Скрипя суставами, он наклонился к собаке и стал как мог способствовать ее оживлению, почесывая ей пузо, покрытое жесткой шерстью и розовое, как сахарная глазурь на торте. Зеваки перешептывались, серьезно обсуждая наилучшие способы воскрешения дохлого пса. Их рекомендации варьировались от «дать ему вкусняшку» до «дать ему взбучку».

Однако вампирское дыхание Терри, попав в легкие собаки, по-видимому, сотворило чудеса. Желтый пес медленно возвращался к жизни, начиная с дальнего конца, то есть с хвоста, похожего на хвост гигантской крысы. Хвост начал медленно и тяжело биться об асфальт. Затем пес вытянул задние ноги, сгибая и разгибая ненормально длинные пальцы, оканчивающиеся большими, как у ящера, когтями. Наконец пес тихо вздохнул, открыл глаза, поднял голову и огляделся. Кажется, его приятно удивило количество прохожих, заинтересованных его самочувствием. Он энергичней заколотил хвостом, и зрители разом зааплодировали такому Лазареву воскрешению. Пес поднялся на ноги – нетвердо, как новорожденный теленок антилопы гну. Мне показалось, что он сейчас поклонится публике, но я ошиблась.

Терри глядела на пса подозрительно.

– У него, наверно, шок, – сказала она. Маленькое бледное личико осунулось от беспокойства. – Все равно надо отвезти его к ветеринару.

– Шутишь! – воскликнул водитель «кортины». – Я уже полчаса как должен быть в другом месте.

Терри зашипела, как злобный чайник, обнажив острые зубки. Пес – скорее в удивлении, чем в шоке, – терпеливо ждал, пока противоборствующие стороны решат его судьбу. Наконец сдался водитель «кортины»:

– Ладно, садитесь, только быстро, я очень сильно опаздываю.

Он принялся торопливо запихивать нас всех в машину.

Машина, которая явно не видывала лучших дней, была ржаво-белая (больше ржавчины, чем белизны). Я влезла на заднее сиденье, за мной последовали Терри и пес, который кое-как забрался в салон и настоял, чтобы его посадили между нами. Профессор Кузенс бодро уселся впереди; похоже было, что машина для него – чрезвычайно новое и интересное изобретение.
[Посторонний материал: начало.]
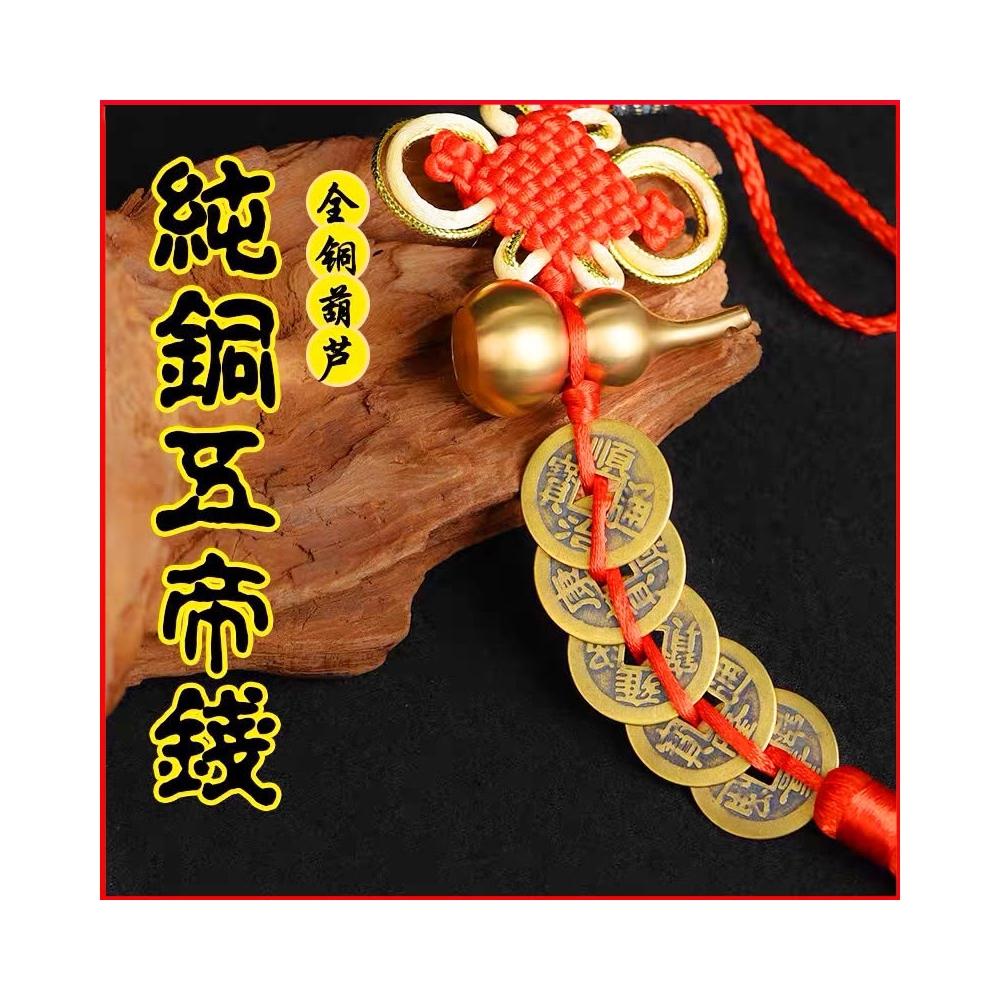 台灣現貨全銅葫蘆五帝錢 中國結真銅五帝錢仿古幣五帝銅錢 壓門檻過門石銅錢避邪聚財 虎年化太歲風水用品 隨身開運招財保平安

– Поедем кататься! Как весело! – воскликнул он и протянул руку водителю. – Профессор Кузенс, рад встрече. А вы?

Водитель «кортины» ответил неохотно, словно все, что он говорил, могло быть впоследствии использовано против него:

– Чик. Чик Петри.

– Зовите меня Гавриилом, – заулыбался и закивал профессор Кузенс.

– Но ведь вас вовсе не так зовут?

Меня очень удивила внезапная мутация имен профессора, которого обычно звали Эдвард Невилл. Но он только бодро улыбнулся и сказал:

– Почему бы и нет?

Чик подхватил:

– Да, что в имени тебе моем и все такое, а, проф?

– Совершенно верно! – просиял улыбкой профессор. – Вижу, мы с вами понимаем друг друга.

– Профессор, э? Мое-то детство прошло в людях. Жизнь – вот мои университеты.

– И я уверен, что это был весьма разносторонний и глубокий курс обучения! – воскликнул профессор Кузенс.

– Да уж, я кой на чем собаку съел, – мрачно заметил Чик.

Терри зажала псу уши ладошками. Чик завел мотор, и салон машины тут же стал наполняться странным запахом – сладковатым, но тухлым, вроде гниющей клубники и разлагающейся дохлой крысы. Но не успели мы прокомментировать эту атаку на наши обонятельные органы, как Чик съехал с тротуара, тряхнув нас всех, и влился в поток не глядя – какофония автомобильных гудков полетела нам вслед по Нижней улице.

Профессор сказал, что ветеринар есть в верхнем конце Южной Тей-стрит, и неопределенно махнул рукой себе за спину, но не успел он произнести эти слова, как мы уже проехали поворот и все быстрей неслись по круговой развязке, что на Ангус-роуд. Ощущение было как на аттракционе «Автодром». Несколько секунд – и мы уже с ревом приближаемся к автомобильному мосту. Терри закричала, что мы едем не в ту сторону, и Чик крикнул в ответ:

– Для вас, может, и не в ту, а я еду, куда мне надо!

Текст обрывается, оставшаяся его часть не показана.